StructuredDataset

Tags: Basic, DataFrame

As with most type systems, Python has primitives, container types like maps and tuples, and support for user-defined structures. However, while there’s a rich variety of dataframe classes (Pandas, Spark, Pandera, etc.), there’s no native Python type that represents a dataframe in the abstract. This is the gap that the StructuredDataset type is meant to fill. It offers the following benefits:

  • Eliminate boilerplate code you would otherwise need to write to serialize/deserialize from file objects into dataframe instances,

  • Eliminate additional inputs/outputs that convey metadata around the format of the tabular data held in those files,

  • Add flexibility around how dataframe files are loaded,

  • Offer a range of dataframe specific functionality - enforce compatibility of different schemas (not only at compile time, but also runtime since type information is carried along in the literal), store third-party schema definitions, and potentially in the future, render sample data, provide summary statistics, etc.

Usage

To use the StructuredDataset type, import pandas and define a task that returns a Pandas Dataframe. Flytekit will detect the Pandas DataFrame return signature and convert the interface for the task to the StructuredDataset type.

Example

This example demonstrates how to work with a structured dataset using Flyte entities.

Note

To use the StructuredDataset type, you only need to import pandas. The other imports specified below are only necessary for this specific example.

Note

To clone and run the example code on this page, see the Flytesnacks repo.

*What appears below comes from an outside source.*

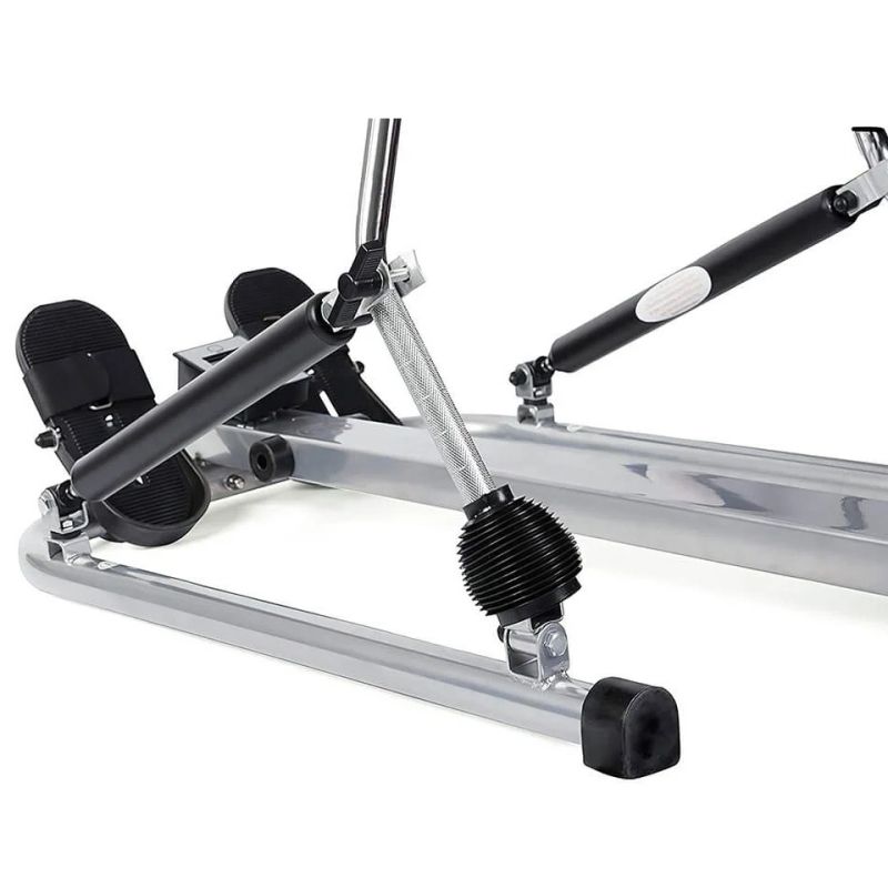 Гребният тренажор е уред за цялостна тренировка, който ефективно натоварва всички големи мускулни групи – ръце, гръб, крака и корем. Благодарение на механично-хидравличната система, той позволява разнообразие от упражнения и персонализиране на интензивността според индивидуалните цели и физическа подготовка. Уредът имитира естествените движения при гребане. Това осигурява изгаряне на калории, издръжливост и подобрява координацията и тонуса на цялото тяло. Вграден LCD дисплей показва всички основни параметри – време, брой дърпания, разстояние и изгорени калории, като функцията „сканиране“ позволява да се следят показателите в реално време. Максимална товароносимост до 100 кг и препоръчителна височина на трениращия до 190 см. Размери - 120 x 65 x 17 см. Размер опаковка - 115.7 х 33.2 х 14.7 см. Тегло с опаковка – 14.7 кг. Тегло на уреда – 13.3 кг. Максимално натоварване – 100 кг.

To begin, import the dependencies for the example:

data_types_and_io/structured_dataset.py
import os
import typing

import numpy as np
import pandas as pd
import pyarrow as pa
import pyarrow.parquet as pq
from flytekit import FlyteContext, StructuredDatasetType, kwtypes, task, workflow
from flytekit.models import literals
from flytekit.models.literals import StructuredDatasetMetadata
from flytekit.types.structured.structured_dataset import (
    PARQUET,
    StructuredDataset,
    StructuredDatasetDecoder,
    StructuredDatasetEncoder,
    StructuredDatasetTransformerEngine,
)
from typing_extensions import Annotated

Define a task that returns a Pandas DataFrame.

data_types_and_io/structured_dataset.py
@task
def generate_pandas_df(a: int) -> pd.DataFrame:
    return pd.DataFrame({"Name": ["Tom", "Joseph"], "Age": [a, 22], "Height": [160, 178]})

Using this simplest form, however, the user is not able to set the additional dataframe information alluded to above,

  • Column type information

  • Serialized byte format

  • Storage driver and location

  • Additional third party schema information

This is by design as we wanted the default case to suffice for the majority of use-cases, and to require as few changes to existing code as possible. Specifying these is simple, however, and relies on Python variable annotations, which is designed explicitly to supplement types with arbitrary metadata.

Column type information

If you want to extract a subset of actual columns of the dataframe and specify their types for type validation, you can just specify the column names and their types in the structured dataset type annotation.

First, initialize column types you want to extract from the StructuredDataset.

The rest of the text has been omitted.